— Луис обещал меня подбросить, — отвечаю я.
— Он сказал, они арестовали того, кто это сделал, — осторожно говорит Антония.
— Да. По-моему, он тоже здесь, в больнице.
— Вы ведь не собираетесь ему мстить?
— Нет. Мне и одного урока хватило. И потом, кажется, Везунчик сам здорово покалечился, когда свалился в расщелину.
— Я его помню. Мы познакомились у вас дома, он заходил к вам, когда гулял с собакой. — Антония смотрит мне в глаза.
— Да.
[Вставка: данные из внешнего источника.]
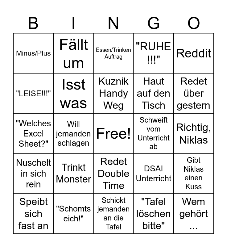 This bingo card has a free space and 29 words: Speibt sich fast an, Kommt zu spät, Will jemanden schlagen, Macht komische Geräusche, Minus/Plus, Essen/Trinken Auftrag, Isst was, Trinkt Monster, Schweift vom Unterricht ab, "Schomts eich!", Richtig, Niklas, Wem gehört ..., Schickt jemanden an die Tafel, "Tafel löschen bitte", Redet über gestern, "Ja", Redet Double Time, Nuschelt in sich rein, Reddit, "Welches Excel Sheet?", DSAI Unterricht, DBI Unterricht, Haut auf den Tisch, "LEISE!!!", "RUHE !!!", Fällt um, Gibt Niklas einen Kuss, Kuznik Handy Weg and "Laptops zu!".

Мне казалось, что я хорошо его знаю. — Я с трудом качаю головой.
Антония гладит меня по плечу и с доброй улыбкой говорит:
— Вы ни в чем не виноваты.
— Теперь я буду мучиться до конца своих дней. Я не сумел защитить своего ребенка. Значит, я плохой отец…
— Мартин, вы замечательный отец. Я знаю, как вы любите Петру. Фильде повезло с вами. Жаль, что мне в свое время не хватило ума…
— Выйди вы за другого, у вас бы не было Калли и Бена, — возражаю я.
Она улыбается:
— У меня замечательные дети. У нас с вами замечательные дети. А теперь езжайте к Петре. Она обрадуется, когда проснется и увидит вас. А потом вы сравните, у кого из вас больше швов.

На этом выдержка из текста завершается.